Data records:
"""

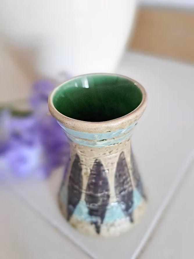 Rustik vas av keramikern Bruno Karlsson. Stengods som delvis har glaserats. Troligtvis från 1960-talet. I fint bevarat bruksskick.
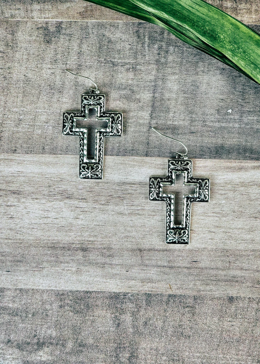 - Elevate your style with our Blue Tortoise Jewelry Western Cutout Cross Earrings. These earrings feature a unique cutout cross design inspired by Western aesthetics, making them a standout addition to your jewelry collection.
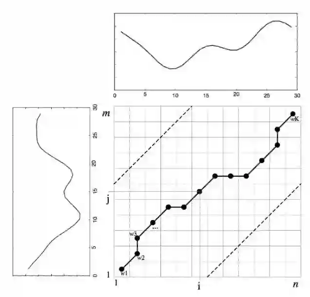 ),这些匹配关系的集合共同构成了图 3 中的黑色实线 warping path W:
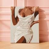 Dive into sophistication with the "Maya" paint-by-numbers canvas, showcasing a stunning figure in a flowing white dress. This minimalistic yet powerful design highlights elegance, confidence, and timeless beauty, making it an ideal addition to any art collection.
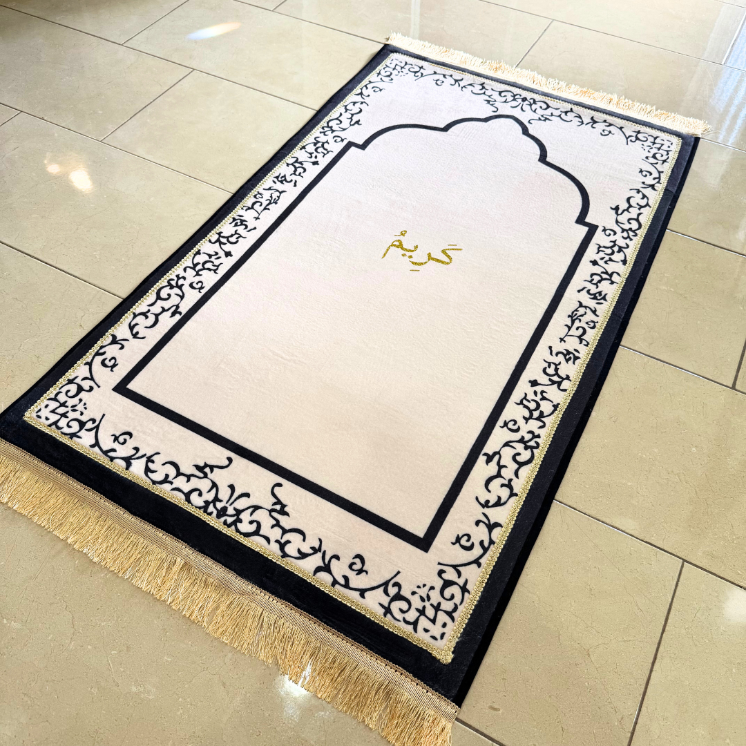 Step into salah with comfort, clarity, and elegance. The Off-White Personalized Mosque-Shaped Prayer Mat is designed to elevate your prayer experience—not only with its beautiful appearance, but with extra-thick padding, soft material, and a personal touch that’s all your own.
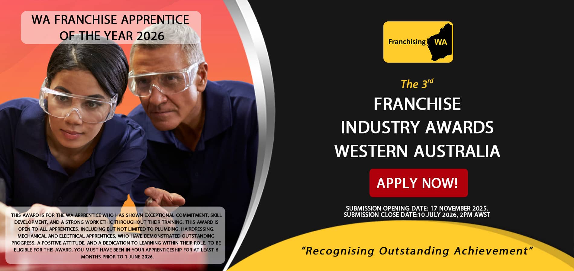 Apply today!! https://franchisingwa.com.au/industry-awards-western-australia-2026/categories.html

"""

-- Your goal --
Would you write out an exact copy of the entries above, with no images?

-- Response for this exercise --
 Rustik vas av keramikern Bruno Karlsson. Stengods som delvis har glaserats. Troligtvis från 1960-talet. I fint bevarat bruksskick.
 - Elevate your style with our Blue Tortoise Jewelry Western Cutout Cross Earrings. These earrings feature a unique cutout cross design inspired by Western aesthetics, making them a standout addition to your jewelry collection.
 ),这些匹配关系的集合共同构成了图 3 中的黑色实线 warping path W:
 Dive into sophistication with the "Maya" paint-by-numbers canvas, showcasing a stunning figure in a flowing white dress. This minimalistic yet powerful design highlights elegance, confidence, and timeless beauty, making it an ideal addition to any art collection.
 Step into salah with comfort, clarity, and elegance. The Off-White Personalized Mosque-Shaped Prayer Mat is designed to elevate your prayer experience—not only with its beautiful appearance, but with extra-thick padding, soft material, and a personal touch that’s all your own.
 Apply today!! https://franchisingwa.com.au/industry-awards-western-australia-2026/categories.html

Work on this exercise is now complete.